3.2.1.1 Querying a Full Partition-Wise Join

You can query using a full partition-wise join.

Consider a large join between a sales table and a customer table on the column cust_id, as shown in Example 3-4. The query "find the records of all customers who bought more than 100 articles in Quarter 3 of 1999" is a typical example of a SQL statement performing such a join.

Such a large join is typical in data warehousing environments. In this case, the entire customer table is joined with one quarter of the sales data. In large data warehouse applications, this might mean joining millions of rows. The join method to use in that case is obviously a hash join. You can reduce the processing time for this hash join even more if both tables are equipartitioned on the cust_id column. This functionality enables a full partition-wise join.

When you execute a full partition-wise join in parallel, the granule of parallelism is a partition. Consequently, the degree of parallelism is limited to the number of partitions. For example, you require at least 16 partitions to set the degree of parallelism of the query to 16.

Example 3-4 Querying with a full partition-wise join

SELECT c.cust_last_name, COUNT(*)
  FROM sales s, customers c
  WHERE s.cust_id = c.cust_id AND 
        s.time_id BETWEEN TO_DATE('01-JUL-1999', 'DD-MON-YYYY') AND 
        (TO_DATE('01-OCT-1999', 'DD-MON-YYYY'))
  GROUP BY c.cust_last_name HAVING COUNT(*) > 100;

3.2.1.2 Full Partition-Wise Joins: Single-Level - Single-Level

A single-level to single-level full partition-wise join is the simplest method: two tables are both partitioned by the join column.

In the example, the customers and sales tables are both partitioned on the cust_id columns. This partitioning method enables full partition-wise joins when the tables are joined on cust_id, both representing the same customer identification number. This scenario is available for range-range, list-list, and hash-hash partitioning. Interval-range and interval-interval full partition-wise joins are also supported and can be compared to range-range.

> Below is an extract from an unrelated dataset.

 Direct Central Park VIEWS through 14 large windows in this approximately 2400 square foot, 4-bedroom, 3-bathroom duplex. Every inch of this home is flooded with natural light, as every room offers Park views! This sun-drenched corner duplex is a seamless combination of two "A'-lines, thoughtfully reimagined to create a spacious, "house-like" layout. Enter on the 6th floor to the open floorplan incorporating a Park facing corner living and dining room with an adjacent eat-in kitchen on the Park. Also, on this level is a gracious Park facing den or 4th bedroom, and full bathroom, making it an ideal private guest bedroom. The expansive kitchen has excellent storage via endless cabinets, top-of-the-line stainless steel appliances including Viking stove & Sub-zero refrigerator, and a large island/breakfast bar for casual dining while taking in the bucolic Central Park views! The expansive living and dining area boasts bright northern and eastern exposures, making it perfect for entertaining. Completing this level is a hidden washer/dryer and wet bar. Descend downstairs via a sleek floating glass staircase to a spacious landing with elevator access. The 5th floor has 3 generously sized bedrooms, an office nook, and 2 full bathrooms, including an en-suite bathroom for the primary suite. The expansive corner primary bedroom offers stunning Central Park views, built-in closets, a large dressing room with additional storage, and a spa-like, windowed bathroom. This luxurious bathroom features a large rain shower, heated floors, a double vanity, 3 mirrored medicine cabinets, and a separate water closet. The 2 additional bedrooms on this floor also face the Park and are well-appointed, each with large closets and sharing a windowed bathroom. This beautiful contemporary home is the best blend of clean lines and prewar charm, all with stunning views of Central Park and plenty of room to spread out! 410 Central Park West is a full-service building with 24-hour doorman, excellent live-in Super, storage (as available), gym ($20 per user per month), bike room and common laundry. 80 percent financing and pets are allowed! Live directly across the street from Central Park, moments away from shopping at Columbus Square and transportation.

In serial, this join is performed between pairs of matching hash partitions, one at a time. When one partition pair has been joined, the join of another partition pair begins. The join completes when all partition pairs have been processed. To ensure a good workload distribution, you should either have many more partitions than the requested degree of parallelism or use equisize partitions with as many partitions as the requested degree of parallelism. Using hash partitioning on a unique or almost-unique column, with the number of partitions equal to a power of 2, is a good way to create equisized partitions.

Note:

A pair of matching hash partitions is defined as one partition with the same partition number from each table. For example, with full partition-wise joins based on hash partitioning, the database joins partition 0 of sales with partition 0 of customers, partition 1 of sales with partition 1 of customers, and so on.
Reference partitioning is an easy way to co-partition two tables so that the optimizer can always consider a full partition-wise join if the tables are joined in a statement.

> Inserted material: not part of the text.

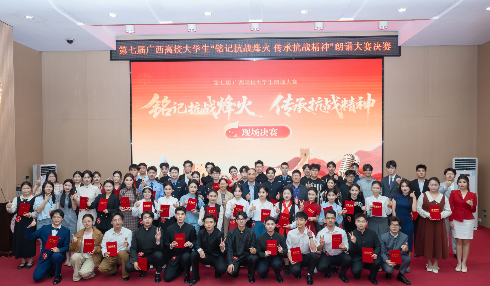 大赛自9月份启动以来,得到全区高校的积极响应,共征集到全区52所高校的13571个参赛作品。经各校初赛选拔与区级复赛角逐,本科院校组和高职高专院校组各24个优秀作品脱颖而出,晋级现场决赛。决赛现场氛围庄重热烈,48组选手精神饱满、声情并茂,通过《红铁》《不朽》等经典抗战题材作品的诵读,生动再现了烽火岁月的艰苦卓绝,深情诠释了中华儿女的英雄气概,充分展现了新时代青年铭记历史、奋发图强的坚定信念。最终,经过激烈角逐,两组分别评选出特等奖2名、一等奖4名、二等奖8名、三等奖10名。

Parallel execution of a full partition-wise join is a straightforward parallelization of the serial execution. Instead of joining one partition pair at a time, partition pairs are joined in parallel by the query servers. Figure 3-1 illustrates the parallel execution of a full partition-wise join.

Figure 3-1 Parallel Execution of a Full Partition-wise Join

Description of "Figure 3-1 Parallel Execution of a Full Partition-wise Join"

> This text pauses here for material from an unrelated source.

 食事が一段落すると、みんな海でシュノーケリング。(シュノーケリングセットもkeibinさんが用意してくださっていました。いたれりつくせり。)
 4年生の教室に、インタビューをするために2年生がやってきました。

The following example shows the execution plan for sales and customers co-partitioned by hash with the same number of partitions. The plan shows a full partition-wise join.

explain plan for SELECT c.cust_last_name, COUNT(*)
FROM sales s, customers c
WHERE s.cust_id = c.cust_id AND 
s.time_id BETWEEN TO_DATE('01-JUL-1999', 'DD-MON-YYYY') AND 
     (TO_DATE('01-OCT-1999', 'DD-MON-YYYY'))
GROUP BY c.cust_last_name HAVING COUNT(*) > 100;

-------------------------------------------------------------------------------------------------------------
| Id  | Operation                    | Name      | Rows  | Bytes | Pstart| Pstop|    TQ  |IN-OUT| PQ Distrib|
-------------------------------------------------------------------------------------------------------------
|   0 | SELECT STATEMENT             |           |    46 |  1196 |       |      |        |      |           |
|   1 |  PX COORDINATOR              |           |       |       |       |      |        |      |           |
|   2 |   PX SEND QC (RANDOM)        | :TQ10001  |    46 |  1196 |       |      |  Q1,01 | P->S | QC (RAND) |
|*  3 |    FILTER                    |           |       |       |       |      |  Q1,01 | PCWC |           |
|   4 |     HASH GROUP BY            |           |    46 |  1196 |       |      |  Q1,01 | PCWP |           |
|   5 |      PX RECEIVE              |           |    46 |  1196 |       |      |  Q1,01 | PCWP |           |
|   6 |       PX SEND HASH           | :TQ10000  |    46 |  1196 |       |      |  Q1,00 | P->P | HASH      |
|   7 |        HASH GROUP BY         |           |    46 |  1196 |       |      |  Q1,00 | PCWP |           |
|   8 |         PX PARTITION HASH ALL|           | 59158 |  1502K|     1 |   16 |  Q1,00 | PCWC |           |
|*  9 |          HASH JOIN           |           | 59158 |  1502K|       |      |  Q1,00 | PCWP |           |
|  10 |           TABLE ACCESS FULL  | CUSTOMERS | 55500 |   704K|     1 |   16 |  Q1,00 | PCWP |           |
|* 11 |           TABLE ACCESS FULL  | SALES     | 59158 |   751K|     1 |   16 |  Q1,00 | PCWP |           |
-------------------------------------------------------------------------------------------------------------

Predicate Information (identified by operation id):
---------------------------------------------------

   3 - filter(COUNT(SYS_OP_CSR(SYS_OP_MSR(COUNT(*)),0))>100)
   9 - access("S"."CUST_ID"="C"."CUST_ID")
  11 - filter("S"."TIME_ID"<=TO_DATE(' 1999-10-01 00:00:00', 'syyyy-mm-dd hh24:mi:ss') AND 
"S"."TIME_ID">=TO_DATE(' 1999-07-01
              00:00:00', 'syyyy-mm-dd hh24:mi:ss'))

Note:

The Cost (%CPU) and Time columns were removed from the plan table output in this example.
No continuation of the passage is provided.